> **Goal of the exercise**: Copy every line of the data exactly, keeping out any picture.

————

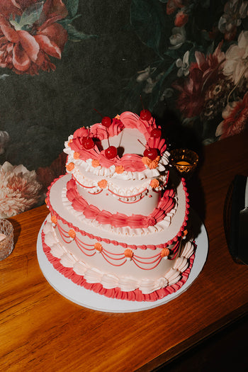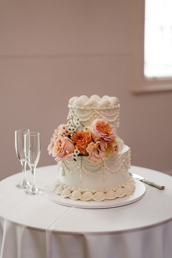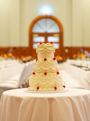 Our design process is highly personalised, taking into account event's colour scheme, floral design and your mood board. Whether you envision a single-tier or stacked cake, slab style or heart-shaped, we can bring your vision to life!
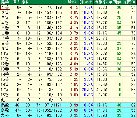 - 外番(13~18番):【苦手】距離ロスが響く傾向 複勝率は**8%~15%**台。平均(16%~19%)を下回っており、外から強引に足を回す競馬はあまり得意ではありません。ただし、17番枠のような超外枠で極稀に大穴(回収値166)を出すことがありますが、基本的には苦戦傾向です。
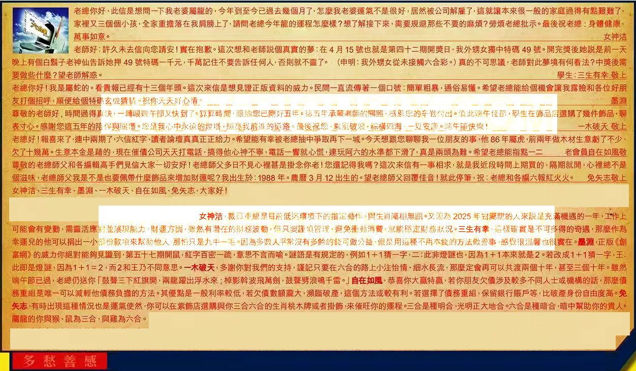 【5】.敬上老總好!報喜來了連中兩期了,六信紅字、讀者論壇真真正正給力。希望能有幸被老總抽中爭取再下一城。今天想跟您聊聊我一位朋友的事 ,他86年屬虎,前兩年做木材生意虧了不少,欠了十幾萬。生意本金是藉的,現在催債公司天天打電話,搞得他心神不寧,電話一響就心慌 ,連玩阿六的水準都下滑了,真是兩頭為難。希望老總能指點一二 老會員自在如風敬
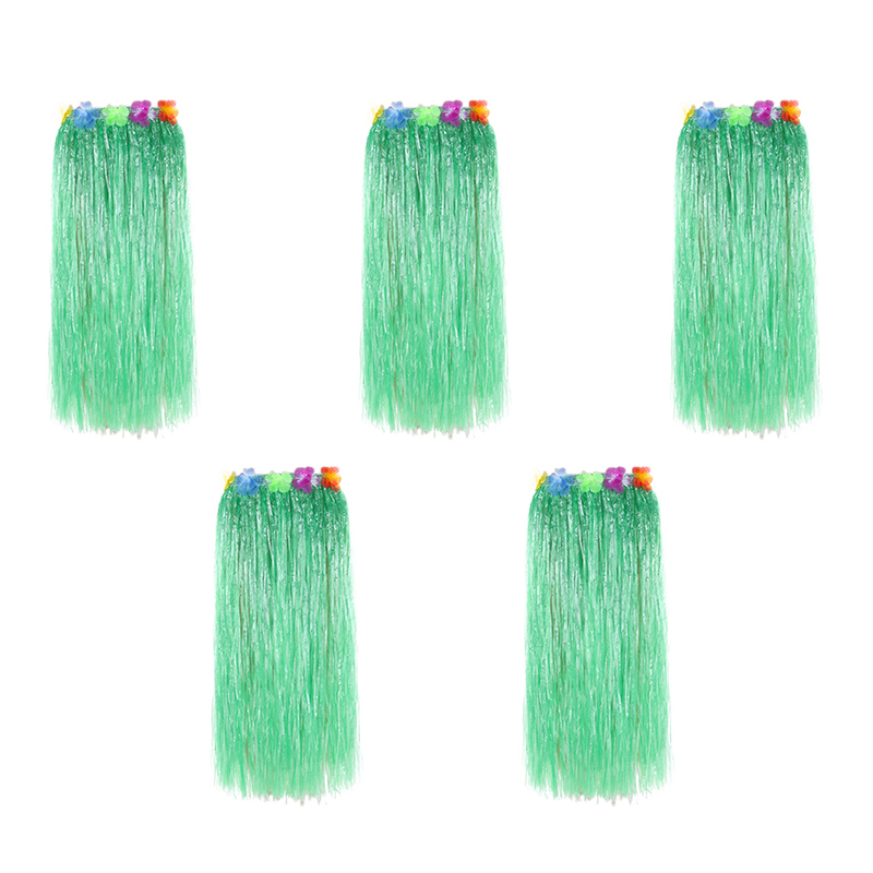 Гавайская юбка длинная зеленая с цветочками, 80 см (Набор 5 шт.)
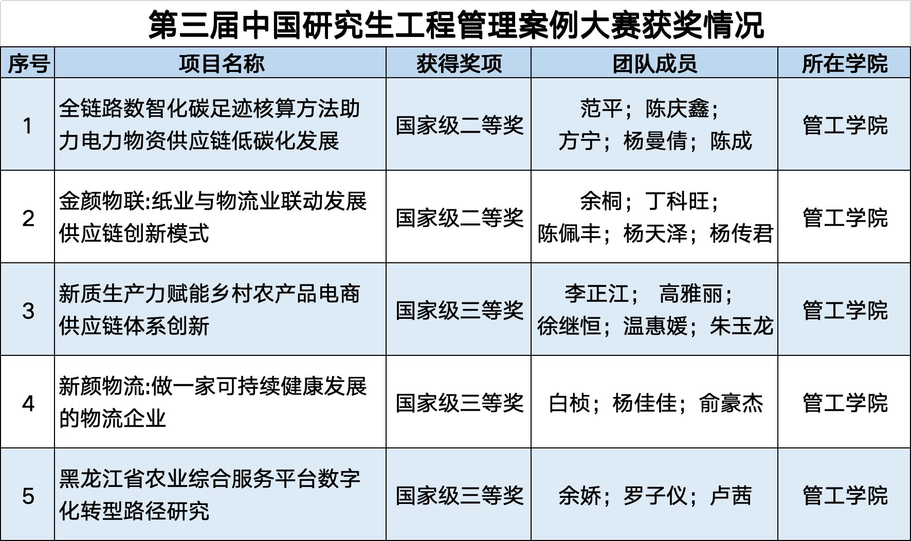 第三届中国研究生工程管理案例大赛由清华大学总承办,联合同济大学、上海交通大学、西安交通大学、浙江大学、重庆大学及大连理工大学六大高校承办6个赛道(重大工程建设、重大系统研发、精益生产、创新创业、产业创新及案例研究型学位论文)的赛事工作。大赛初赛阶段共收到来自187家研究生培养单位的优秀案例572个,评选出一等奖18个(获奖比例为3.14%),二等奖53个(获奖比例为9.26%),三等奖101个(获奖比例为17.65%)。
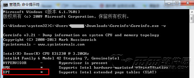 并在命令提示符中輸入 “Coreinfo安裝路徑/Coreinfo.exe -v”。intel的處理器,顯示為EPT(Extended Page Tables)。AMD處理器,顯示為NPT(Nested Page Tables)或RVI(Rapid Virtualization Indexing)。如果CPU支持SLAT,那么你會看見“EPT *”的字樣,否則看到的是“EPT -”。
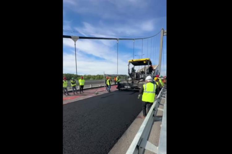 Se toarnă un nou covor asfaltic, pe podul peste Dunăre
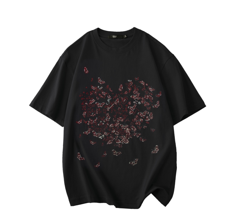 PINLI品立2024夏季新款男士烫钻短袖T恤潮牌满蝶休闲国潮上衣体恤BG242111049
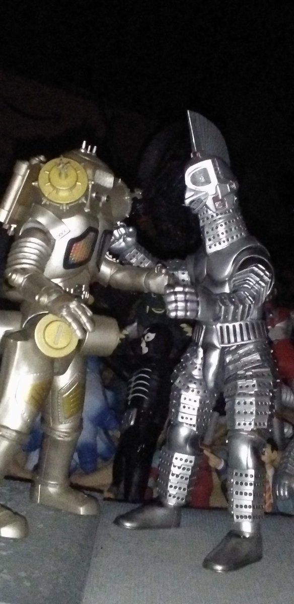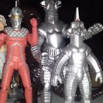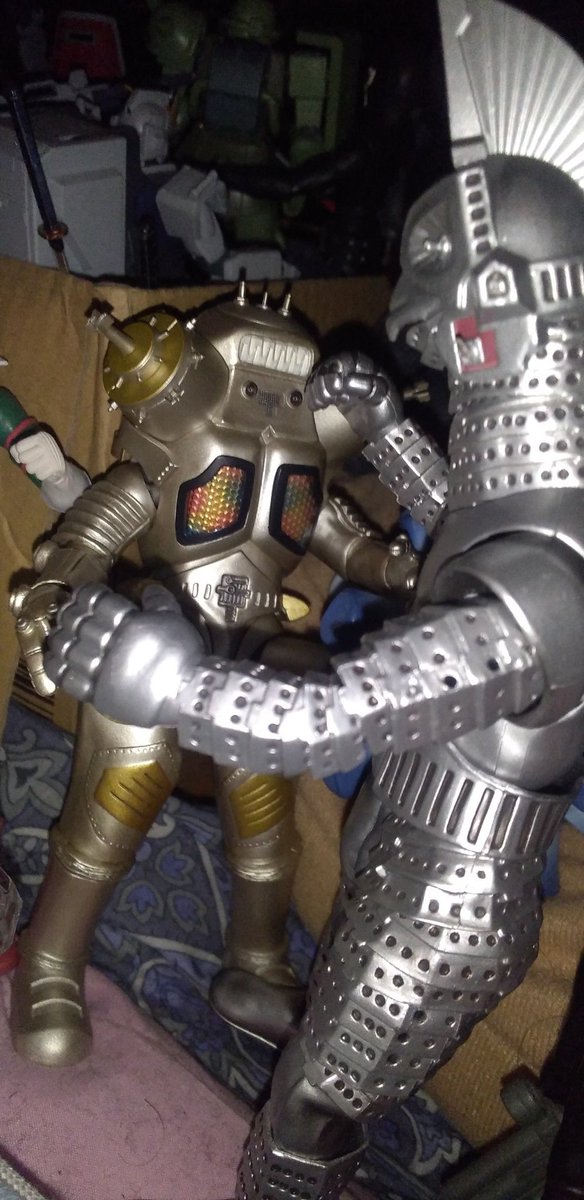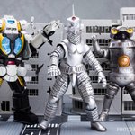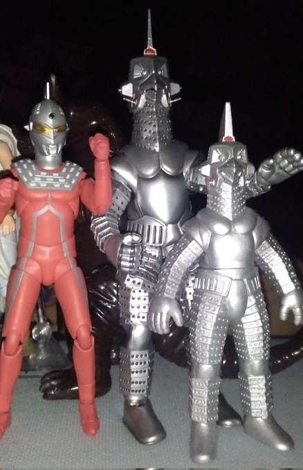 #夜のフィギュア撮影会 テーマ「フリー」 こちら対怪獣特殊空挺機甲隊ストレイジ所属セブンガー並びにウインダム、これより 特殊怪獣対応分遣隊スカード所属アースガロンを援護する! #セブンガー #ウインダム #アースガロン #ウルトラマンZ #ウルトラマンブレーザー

————

> **Reply**:
 Our design process is highly personalised, taking into account event's colour scheme, floral design and your mood board. Whether you envision a single-tier or stacked cake, slab style or heart-shaped, we can bring your vision to life!
 - 外番(13~18番):【苦手】距離ロスが響く傾向 複勝率は**8%~15%**台。平均(16%~19%)を下回っており、外から強引に足を回す競馬はあまり得意ではありません。ただし、17番枠のような超外枠で極稀に大穴(回収値166)を出すことがありますが、基本的には苦戦傾向です。
 【5】.敬上老總好!報喜來了連中兩期了,六信紅字、讀者論壇真真正正給力。希望能有幸被老總抽中爭取再下一城。今天想跟您聊聊我一位朋友的事 ,他86年屬虎,前兩年做木材生意虧了不少,欠了十幾萬。生意本金是藉的,現在催債公司天天打電話,搞得他心神不寧,電話一響就心慌 ,連玩阿六的水準都下滑了,真是兩頭為難。希望老總能指點一二 老會員自在如風敬
 Гавайская юбка длинная зеленая с цветочками, 80 см (Набор 5 шт.)
 第三届中国研究生工程管理案例大赛由清华大学总承办,联合同济大学、上海交通大学、西安交通大学、浙江大学、重庆大学及大连理工大学六大高校承办6个赛道(重大工程建设、重大系统研发、精益生产、创新创业、产业创新及案例研究型学位论文)的赛事工作。大赛初赛阶段共收到来自187家研究生培养单位的优秀案例572个,评选出一等奖18个(获奖比例为3.14%),二等奖53个(获奖比例为9.26%),三等奖101个(获奖比例为17.65%)。
 并在命令提示符中輸入 “Coreinfo安裝路徑/Coreinfo.exe -v”。intel的處理器,顯示為EPT(Extended Page Tables)。AMD處理器,顯示為NPT(Nested Page Tables)或RVI(Rapid Virtualization Indexing)。如果CPU支持SLAT,那么你會看見“EPT *”的字樣,否則看到的是“EPT -”。
 Se toarnă un nou covor asfaltic, pe podul peste Dunăre
 PINLI品立2024夏季新款男士烫钻短袖T恤潮牌满蝶休闲国潮上衣体恤BG242111049
 #夜のフィギュア撮影会 テーマ「フリー」 こちら対怪獣特殊空挺機甲隊ストレイジ所属セブンガー並びにウインダム、これより 特殊怪獣対応分遣隊スカード所属アースガロンを援護する! #セブンガー #ウインダム #アースガロン #ウルトラマンZ #ウルトラマンブレーザー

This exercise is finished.